After a diagnosis was made, the case notes and neuroradiology (where available) were reviewed and a limited follow-up was undertaken. Evaluation of this hypothesis has been impeded by the lack of an immunologically defined animal model that resembles the human disease. Case report. Acyclovir is a relatively safe, effective antiviral agent with little toxicity as currently used to treat HSE. The diagnosis was confirmed by detection of herpes simplex virus type 2 (HSV 2), but not type 1, DNA in cell-free cerebrospinal fluid (CSF) after amplification by nested polymerase chain reaction. The pace of discovery has continued in recent years with the development of more rapid DNA amplification techniques that do not require postamplification analysis using amplified products (real-time PCR).

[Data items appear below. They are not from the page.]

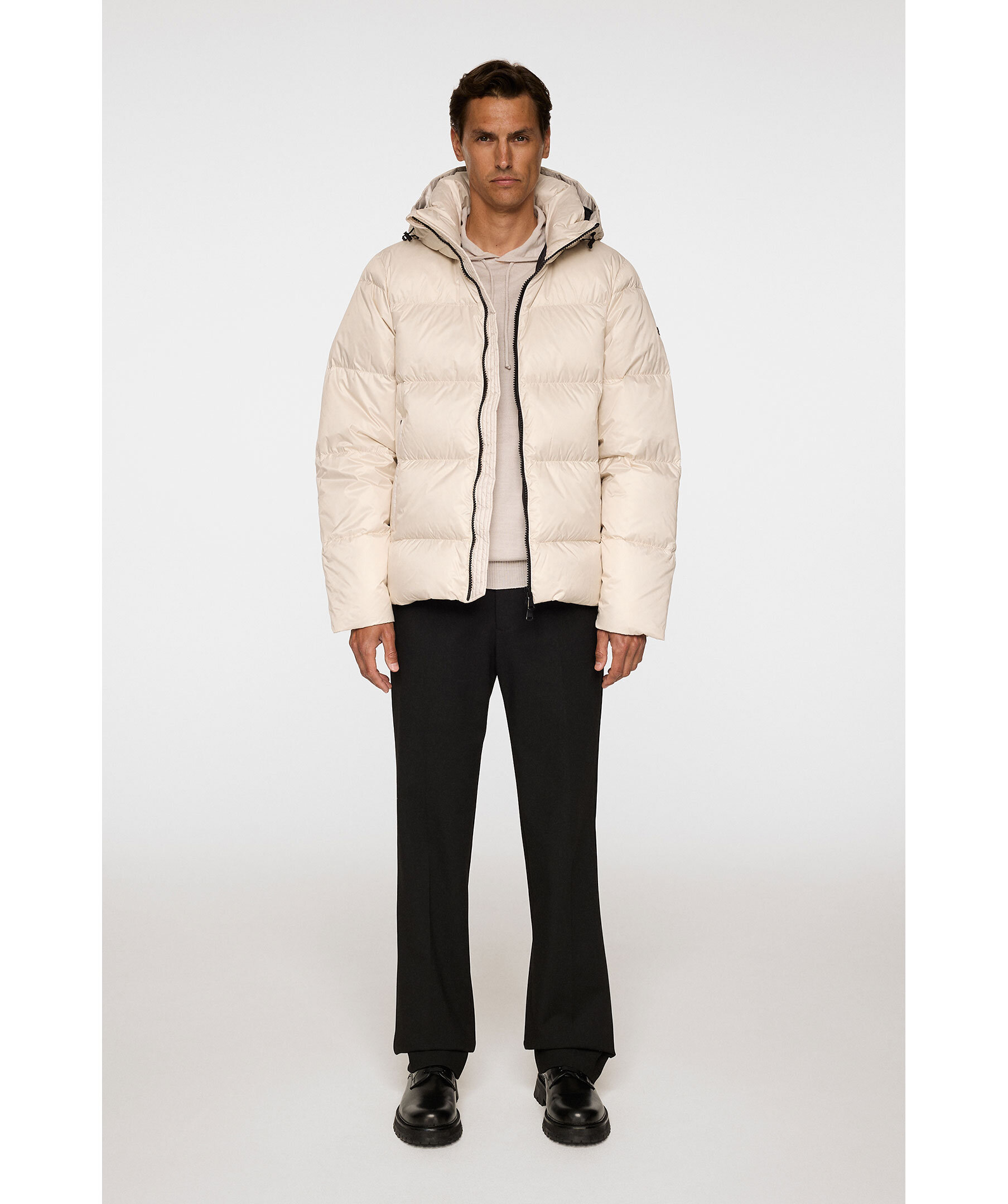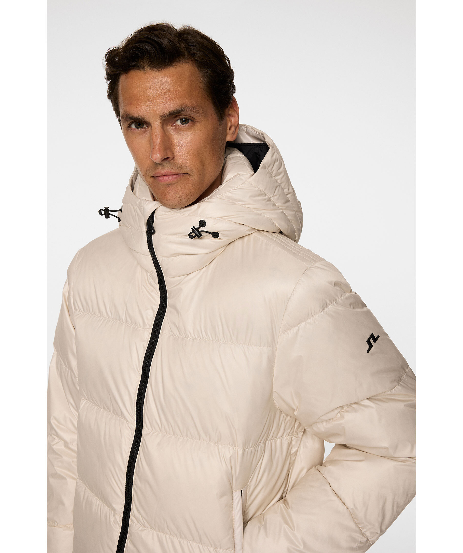 En mångsidig och isolerande dunjacka från J.Lindeberg. Gjord i återvunnen polyester med PFC-fri vattenavvisande yta. Jackan har värmande 600 FP ankdun (80/20), fleecefodrade handfickor, tvåvägsdragkedja och justerbara dragskor i huva och fåll.
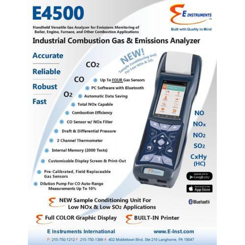 Flue Gas Analyzer Including E-4500O2 Sensor 0 To 25 %Co Sensor 0 To 8000 Ppm**With Auto-Range Up To 10%No Sensor 0 To 5000 PpmNo2 Sensor 0 To 5000 PpmCo2 Calculated 0 To 99.9 %Flue Gas & Air Temperature Measurement Draft & Differential Pressure Measurement Efficiency, Losses, & Excess Air Calculations 300mm Probe, 800oc Max, With 3m Dual Hose External Water Trap With Filter Cartridge Internal Memory, 2000 Tests Built-In Printer With Non-Fading Paper Rubber Holster With Magnetic Support Automatic Periodic Data Saving Software Package W/Bluetooth & USB Cable Abs Hard Plastic Carrying Case Full Color Graphic Display Screen Recommended Spare Consumable Parts: Filter Cartridges (Pack Of Five)Non-Fading Paper Rolls (Pack Of Ten)Optional Accessories:3m Dual Hose Extension SCU (Sample Conditioning Unit)Differential Pressure Hose Kit
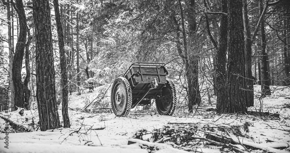 Abandoned German Infantry Cart Or Handcart Infanteriekarren If8 Of World War Ww Ii On Forest Ground. German Military Ammunition. Armed Forces Of Germany Of World War Ii. Vintage Handcart German Army
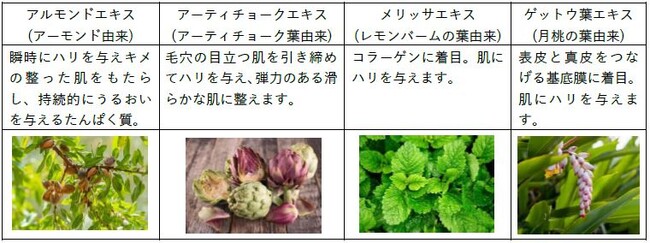 *2:アルモンドエキス、アーティチョークエキス、メリッサエキス、ゲットウ葉エキス:保湿成分
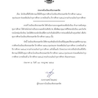 ประกาศโรงเรียนวชิรธรรมสาธิต เรื่อง กำหนดวันปิดภาคเรียนที่ 1 และเปิดภาคเรียนที่ 2 ปีการศึกษา 2568
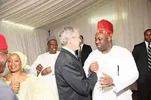 Chief Dele Momodu (born Ayòbámidélé Àbáyòmí Ojútelégàn Àjàní Momodu; 16 May 1960) is a Nigerian journalist/publisher, businessman, and motivational speaker. He is the CEO and publisher of Ovation International, a magazine that has given publicity to people from all over the world, mainly in Africa.[1] In 2015, he officially launched Ovation TV and subsequently launched an online newspaper called The Boss Newspapers.[2] Momodu has received hundreds of awards and honors for his work in the world of business, politics, literature, the music industry and the fashion industry.[3][2] He writes a weekly column called "Pendulum", published every Saturday on the back page of Thisday newspaper. The articles are praised for highlighting issues in Nigeria, as well as discussing popular topics, current events and notable people, often in a polemic/critical style. ,
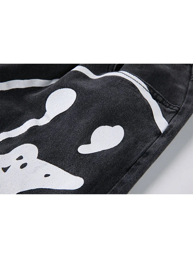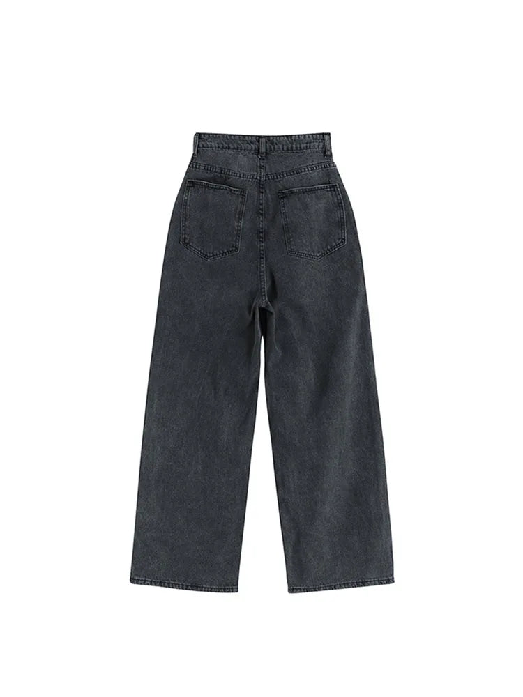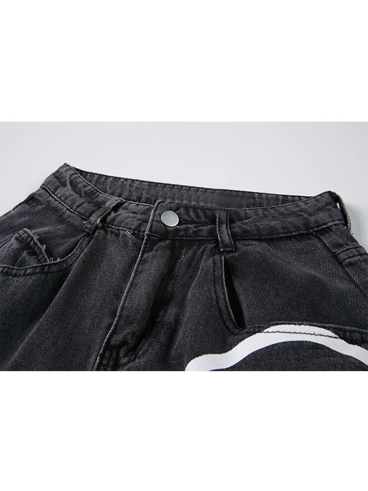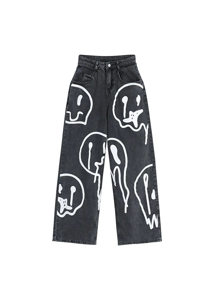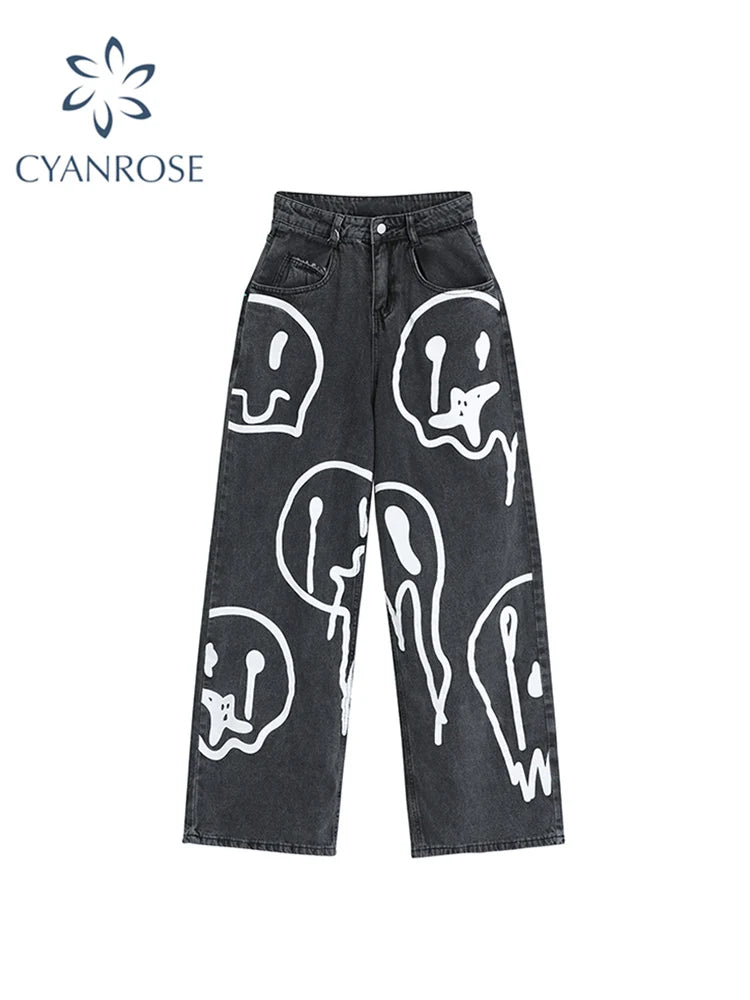 2022 New Spring Fashion Ins Street Hip-hop Printing Wash Jeans Loose Casual Denim Wide Leg Pants Tide Woman Long Trousers
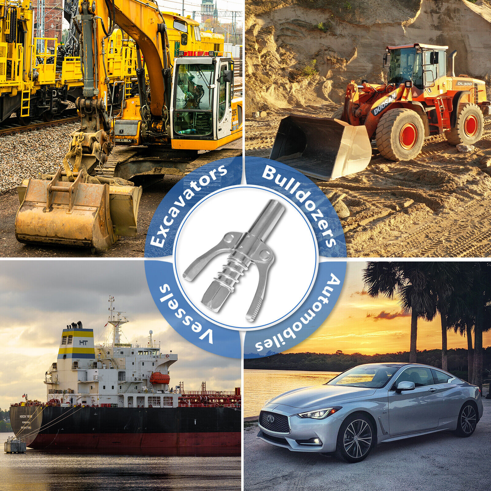 This grease gun coupler is designed for high-pressure applications, providing precise control and efficient grease delivery to hard-to-reach areas. It features a quick-release lock for easy attachment and detachment, ensuring convenience during use. The dual handles are ergonomically designed to reduce effort and prevent slipping, making lubrication tasks easier. Constructed from high-quality carbon steel with a galvanized surface, it offers durability and long-term performance. The leak-free design can withstand pressures up to 10,000 PSI, preventing grease wastage and mess. Compatible with various grease nipples including M6, M8, M10, M12, and M14, and featuring a 1/8″ NPT thread, it is suitable for use with trailers, tractors, trucks, UTVs, motorcycles, and boats.

The case illustrates the importance of actively excluding organic causes in such patients, the need to have a low threshold of suspicion for HSV encephalitis, and the central role of CSF PCR testing for the diagnosis of HSV encephalitis, even in the absence of CSF biochemical abnormalities. We reviewed all adult cases of encephalitis with TL abnormalities on magnetic resonance imaging (MRI) from the California Encephalitis Project. MRI of the brain showed cortical and subcortical lesions in the mesial temporal region, septal area, insula and cingulated gyrus of the right cerebral hemisphere. A simple restriction enzyme analysis of these amplified products allowed accurate characterization of the herpesvirus type. Address correspondence to H.G. A 21-year-old male with SLE developed seizure, loss of consciousness and focal signs referable to involvement of the front-temporal brain regions.